Soon after 19 May, regulators in the UK and globally ebbed the flow of retail traders onboarding to Binance through its subsidiaries. This creates a ‘toxic flow’ situation – in other words, with the little fish disappearing, the insurance fund traders have been holding very large long positions against other professional traders like Alameda Research and Cumberland Capital.

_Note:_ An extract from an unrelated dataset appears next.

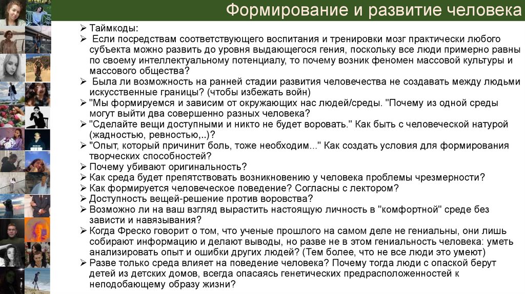 "Мы формируемся и зависим от окружающих нас людей/среды. "Почему из одной среды
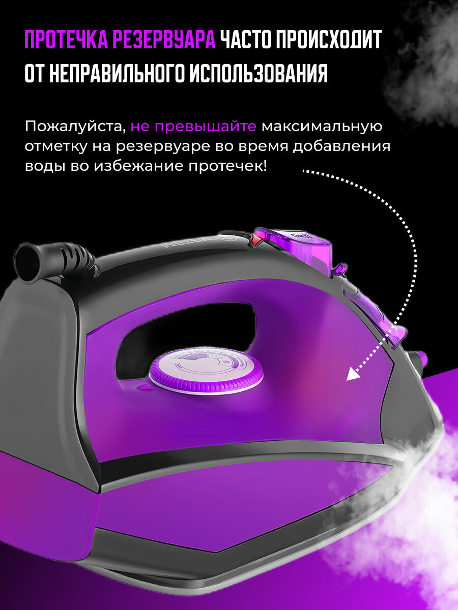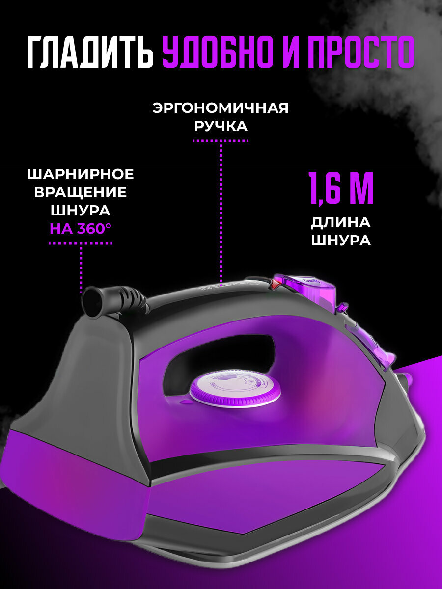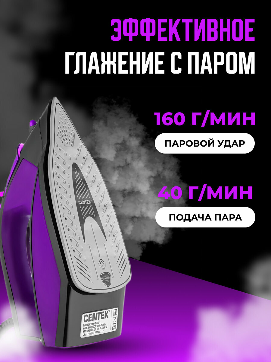 Утюг Centek Ct-2355, 2500 Вт, керамическая подошва, 200 мл, 40 г/мин, фиолетовый Centek 9899067 .

To conclude, following mass liquidation events such as 18 April, 19 May, 25 July etc., Binance’s insurance fund trading may find their algorithms increasingly up against the algos run by much bigger and faster professional traders. Binance has grown so quickly that I have to say, I do question the expertise of the insurance fund trading bots opposite the likes of premier division players like Alameda or Cumberland.

Furthermore, Binance have no circuit-break rules, so the outage of the platform on 19 May was unintentional, Binance claim. But it still had exactly the same effect as a circuit break, i.e. trading only resumed once prices had stabilized, as the figure above shows.

I conclude by noting that, while the Binance bots might not be able to match the likes of those of Alameda or Cumberland, trading on the home ground gives the home team one great advantage – the referee is theirs, and the referee has the right to stop the game.